I routinely create multiple mailboxes for notification apps so that they can have their own email queue.  Again, email forwarding hides the Gmail mailbox name.

Converting wordpress.com/Me to blog.MyDomain.com

Again, this is easy enough using a feature called forwarding with masking.

Assumptions:

  • Blog: wordpress.com/me
  • Domain: MyDomain.com
  • Registrar: GoDaddy

Instructions:

  1. Log into GoDaddy, visit the Manage My Domains page
  2. Choose the gear icon associated with your domain and then choose thee Manage DNS link
  3. Choose the Settings tab
  4. Under Forward -> Subdomain choose the Manage link
  5. Click the Add Subdomain Forwarding button
  6. Enter blog as the subdomain
  7. Select http as the protocol
  8. Enter wordpress.com/me in the next field
  9. Select 301 as the Redirect Type
  10. Under forward settings choose Forward with Masking
  11. Click the Add button

Give it a couple of minutes before giving this a try to see if it works.
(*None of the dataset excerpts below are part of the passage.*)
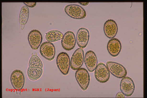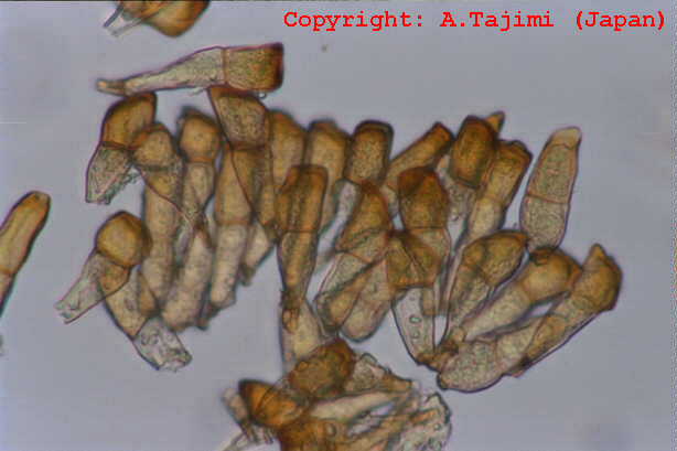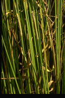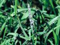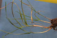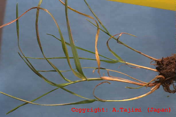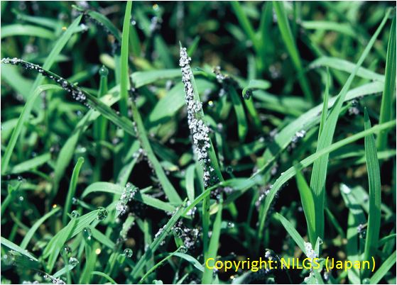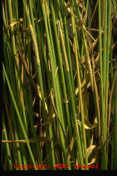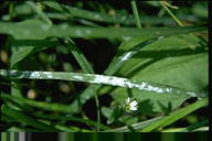 発生すると出穂を阻害し、採種栽培で問題となる糸状菌病。春の終わりに止葉周辺の葉鞘を巻くようにして、がまの穂状に長さ1ー3cmの白色菌叢が形成される。この表面には多数の分生子が形成される。 |
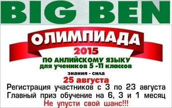 Школа иностранных языков "Big Ben" в Кременчуге приглашает на олимпиаду по английскому языку для учеников 5-11 классов.
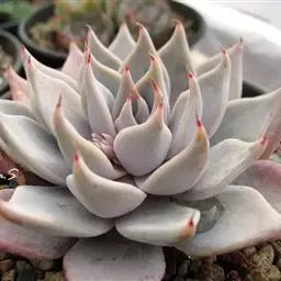 福娘为景天科银波锦属的肉质草本植物。对生的叶片呈短棒状,叶色灰绿,表覆白粉,叶缘外围镶着紫红色,…
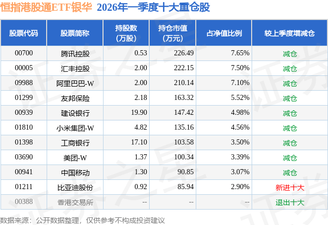 从基金规模来看,恒指港股通ETF银华基金2026年一季度公布的基金规模为0.3亿元,较上一期规模5741.19万元变化了-2780.22万元,环比变化了-48.43%。该基金最新一期资产配置为:股票占净值比96.46%,无债券类资产,现金占净值比3.6%。从基金持仓来看,该基金当季前十大股票仓位达50.17%,第一大重仓股为腾讯控股(00700),持仓占比为7.65%。
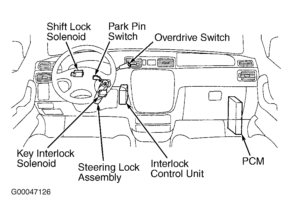 Shift interlock system consists of brake pedal position switch, key interlock solenoid and switch, park pin switch, Powertrain Control Module (PCM) and shift lock solenoid. See Fig 1.
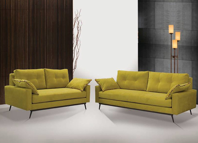 Μία πολύ μοντέρνα άποψη για τον χώρο του σαλονιού υψηλής αισθητικής και κομψότητας. Τα καθίσματα αποτελούνται από λάστιχο υψηλής πυκνότητας και μεγάλης αντοχής με επίστρωση ακρυλικής βάτας. Ο σκελετός εσωτερικά είναι κατασκευασμένος από φουρνιστή οξιά. Πλάτες με κομφορέλ και λάτεξ από γαζωτό ύφασμα. Τα πόδια είναι κατασκευασμένα από μέταλλο βαμμένα με ηλεκτροστατική βαφή, αλλά μπορείτε να επιλέξετε οποιοδήποτε σχέδιο μέσα από την πλούσια συλλογή μας. Διαστάσεις: 3θέσιος: 220 × 90, 2θέσιος: 170 × 90
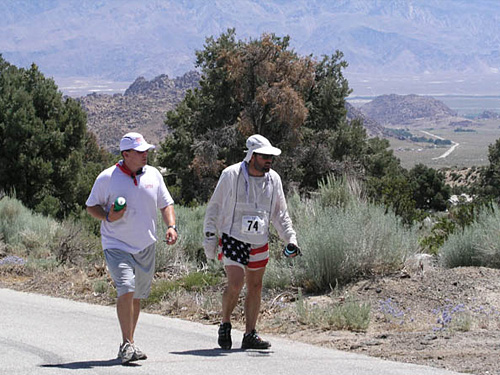 Vorgestern waren wir noch dort beim Bergwandern und konnten von dieser Perspektive sowohl das Ziel, Sierra Nevada mit Mt. Whitney, sowie andere schneebedeckte Berge in 160 km Entfernung und unter Hitze flimmender Luft in ca. 60 km Entfernung den Startplatz, die Badwater-Salzpfanne, tief unter dem Meeresspiegel ausmachen.
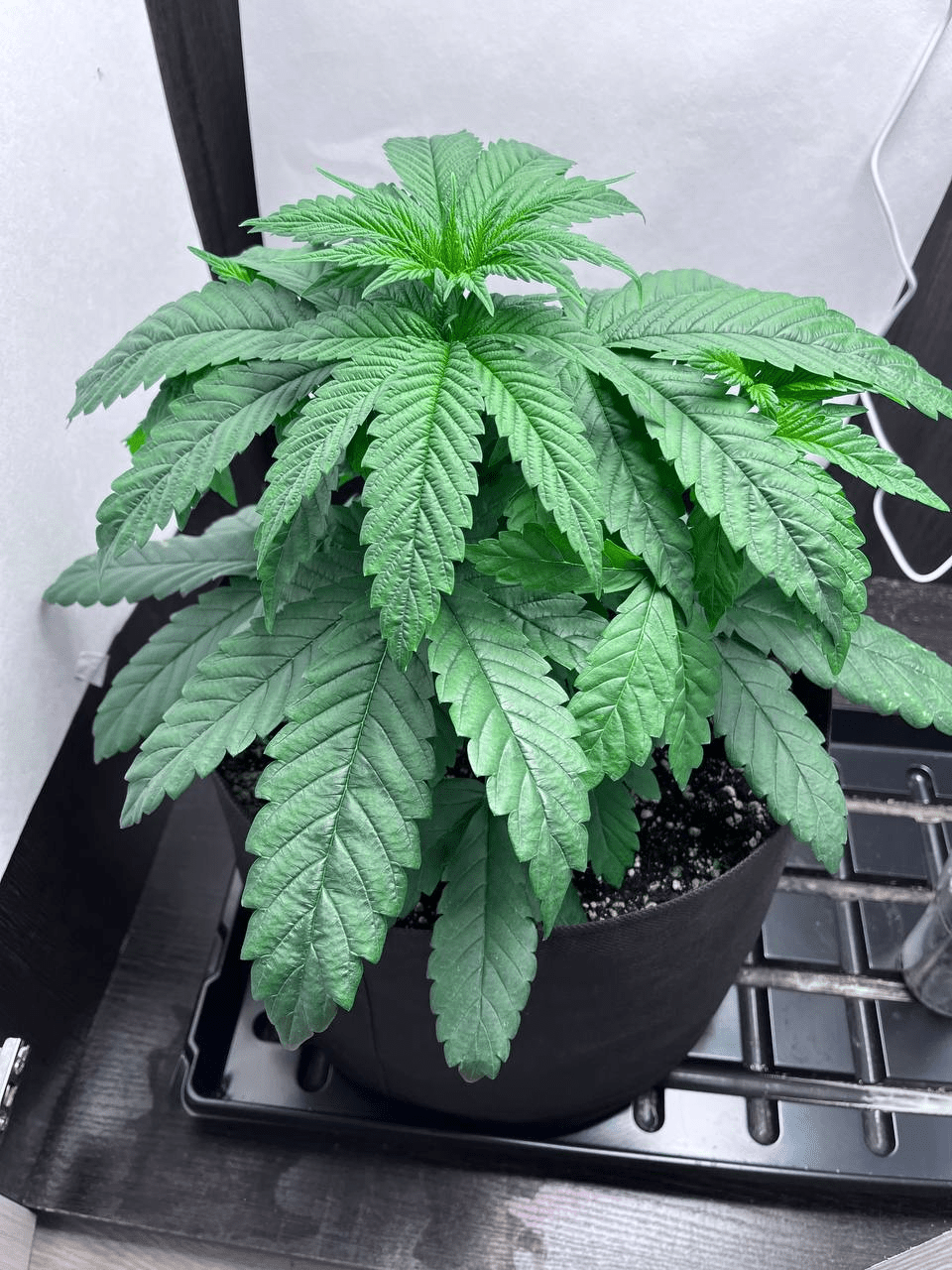 Он у тебя уже сильно оброс, уже вопрос надо ли вообще гнуть ? Можно обрезать пару листков/второстепенных кол и нагнуть раз фотик, пару дней постоит, а потом оклемается, но надо ли оно тебе, решай сам)
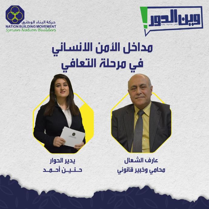 In the third session of the “Where is the Role” recovery series, lawyer Mr. Aref Al-Shaal - legal expert - focuses on the legal basis for achieving human security in the recovery phase and its legal approaches related to the issues of (kidnapped, missing, forcibly disappeared, detainees, displaced persons, refugees, and other issues).
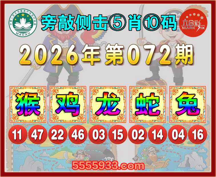 072期: 『旁敲侧击』 ⑤肖⑩码【猴龙蛇兔】开:鸡46
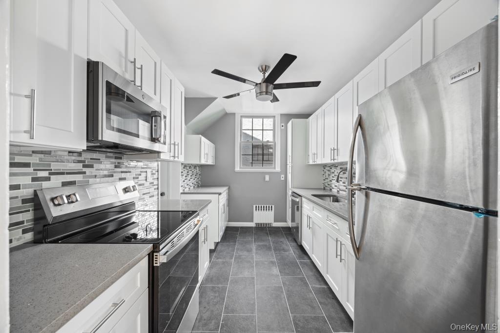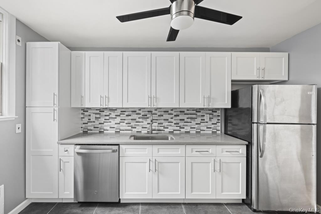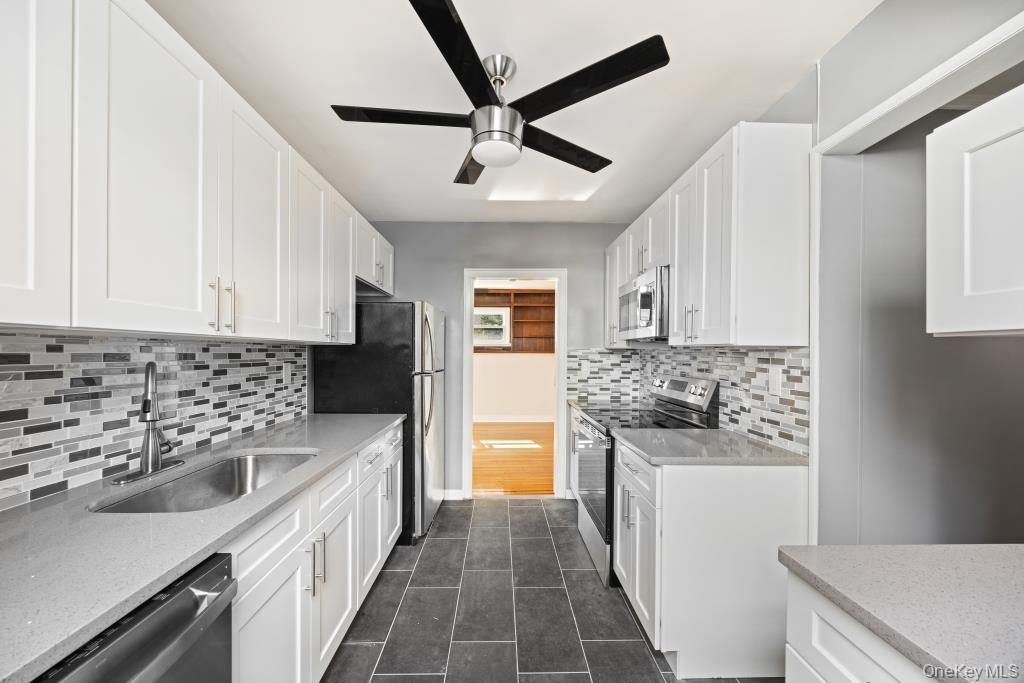 - Kitchen featuring appliances with stainless steel finishes, decorative backsplash, white cabinets, dark tile patterned floors, and a ceiling fan

The same technique works for your website.  For example, I’m hosting a website at Firebase.com, another at Heroku, yet another at OpenShift.com, etc.  Each of these hosting providers would probably love it if I allowed the world to see their domain name in the URL.  But I’d rather not since that’s free advertising to them.  Don’t these examples look better?

happy-pretty-8464.firebase.com -> MyDomain.com

myphpapp-mydomain.rhcloud.com -> MyCoolApp.MyDomain.com

myappmydomain.herokuapp.com -> MyApp.MyDomain.com

Honestly, domain names cost you year after year.  You might as well take advantage of the many free services which are included with your domain registration.